O’Grogarty shook his head.
“When I nodded, he put a fifty on the bar. Nobody saw him do it. Then I told him what I had was worth more than fifty bucks, and he put another fifty on the bar. Two twenties and a ten. Then I told him about the President going to Fort Bragg tomorrow. And that nobody was to know.”
“He believed you?”
O’Grogarty nodded.
“He said if I could find out why, there’d be more money in it for me.”
“Good man!”
“Thank you, sir.”
“Speaking of money…” Mulligan said.
“Yes, sir,” O’Grogarty replied, and took the one hundred dollars C. Harry had given him from his pocket. He gave the fifty-dollar bill to Mulligan.
“The President calls this ‘redistribution of the wealth,’” Mulligan said. “It’s something he really believes in.”

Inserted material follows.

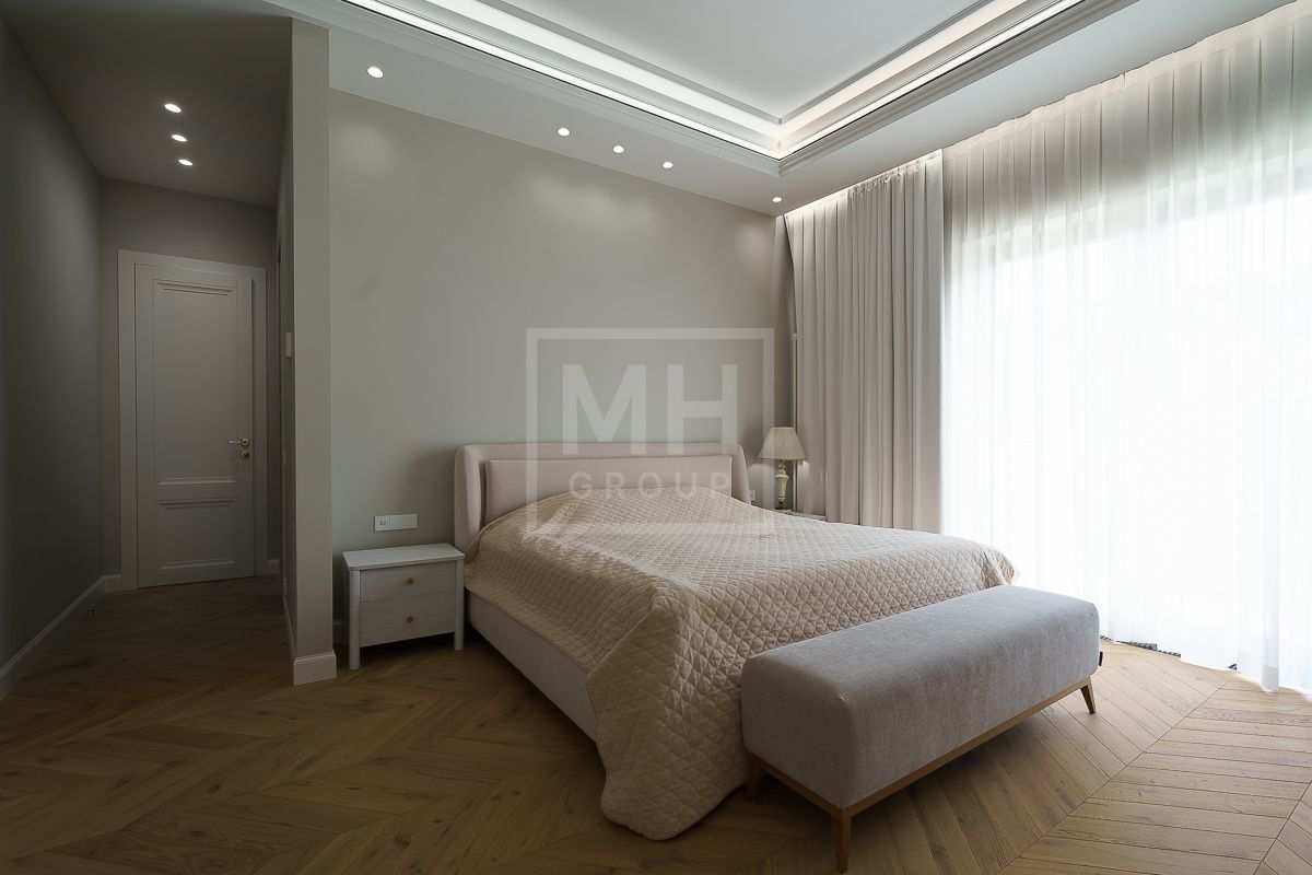 Уютный дом современном стиле с отделкой в одной из лучших локаций ближайшего Подмосковья.В доме предусмотрены: 4 спальни, 3 из которых со своими санузлами и гардеробными, кабинет, который так же можно переоборудовать в спальню, сауна, постирочная, блок для персонала с отдельным входом, гостиная, кухня, столовая, терраса. В собственности участок 12 соток, по факту 22 сотки.

“You mean he gets the fifty dollars?”
“No, of course not. The President says he’s worked too hard for his money to redistribute any of it. What it means is you had to give me half of what C. Harry gave you, and I’ll have to give half of that to Mr. Hoboken. That’s fair. You wouldn’t have C. Harry’s fifty unless he bribed you, and the leak to C. Harry was Hoboken’s idea.”
“Yes, sir.”
“I probably shouldn’t tell you this, Sean, but I see a good future for you in the Secret Service. Keep up the good work!”
“I’ll try, sir.”
Mulligan patted O’Grogarty on the shoulder, pushed himself off the men’s room door, and left.
[SIX]
Colonel Max Caruthers, who was six feet three and weighed 225 pounds, and Captain Albert H. Walsh, who was even larger, were in the foyer of Quarters #3. The cordless telephone on the sideboard rang. Caruthers was closer to it, and answered it.
“General McNab’s quarters.”
“Who is this?” the caller demanded sharply.